Subscribe to newsletter


OPINION: TECHNOLOGY AND INNOVATION ECOSYSTEMS

Marina Perelló,

A simple but very clear and diaphanous vision of innovation consists in considering that it takes place when some solution or some development is integrated into an economic activity or a business model . Everything that happens before that is very interesting, generates a lot of knowledge and, like an investment, has significant associated risk, but it is not innovation. 

Therefore, the main actor in innovation are companies, regardless of their size, capable of introducing, adapting and adopting knowledge and, very often, technology in the form of new products, services or solutions.

In relation to this technology adoption process, we are in a very significant historical moment and context. The physical and tangible world has been irreversibly combined with the digital world. This process is mainly due to the expansion and development of transversal technologies that facilitate it. Technologies such as the internet of things, 3D printing, artificial intelligence, simulation, robotics, cyber security... Not to mention technological areas in which the role played by digitization makes them advance, too , at high speeds: biomedicine, chemistry, drug development...
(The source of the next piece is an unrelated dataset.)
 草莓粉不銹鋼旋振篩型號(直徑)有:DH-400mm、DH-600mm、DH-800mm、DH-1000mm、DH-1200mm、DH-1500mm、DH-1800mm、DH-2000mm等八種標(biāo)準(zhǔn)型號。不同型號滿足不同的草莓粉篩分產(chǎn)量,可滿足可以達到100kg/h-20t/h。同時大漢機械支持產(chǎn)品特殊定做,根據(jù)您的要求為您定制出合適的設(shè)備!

In this context, it is more relevant than ever that companies become aware that they are part of an innovation ecosystem where the necessary elements are found to facilitate technological adoption and innovative activity.
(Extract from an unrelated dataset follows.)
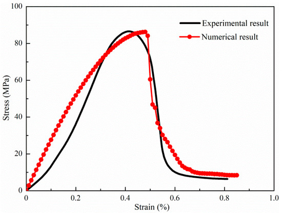 Comparison of stress–strain curves of specimen 1 between the experimental test and numerical simulation.

The physical limits that determine a innovation ecosystem are territorial. Thus, we can refer to the innovation ecosystem of a district or neighborhood, of a city, of a region, of a country... But, in any case, in all innovation ecosystems a series of agents are identified that are key and necessary for the efficiency of what takes place there. In a generic way, these actors can be grouped into the following categories: 

  • Linking Agents: they are institutions, both public and private, which, among their multiple functions, have that of connecting organizations with similar interests in order to take advantage of synergies and take greater momentum between them. This would be the case of chambers of commerce, employers or public innovation support agencies.
  • Enabling Agents: they are those who contribute resources to the ecosystem for to promote the development of new projects, either inside or outside the habitat itself. In other words, they provide tools, financial resources, infrastructure, talent or consultancy. They correspond to initiatives such as incubators, accelerators, investment funds, training centers or co-working spaces, among others.
  • Knowledge Generating Agents:  organizations and institutions focused on research and development. Actors in the ecosystem that generate knowledge and that, at the same time, promote the creation of new projects and develop innovative technologies and technological solutions. This is the case of technology centers, research and design centers or some university departments.
  • Promoting Agents: they are those actors who carry out dissemination tasks, disclosure, dissemination and promotion of innovation that takes place in the ecosystem. In this category we find public agencies or media.
  • Communities: this is a type of agent that is often born without a formal structure or organization and that has been emerging in ecosystems in a visible way in recent years. Communities form, grow and develop beyond public innovation policies and bring stability and sustainability to the ecosystem. 

Companies must regularly take a look at their day-to-day life to be able to perceivethe ecosystem that surrounds them and be able to make those decisions that allow them to take advantage of the agents that make it up in the most efficient and intelligent way possible.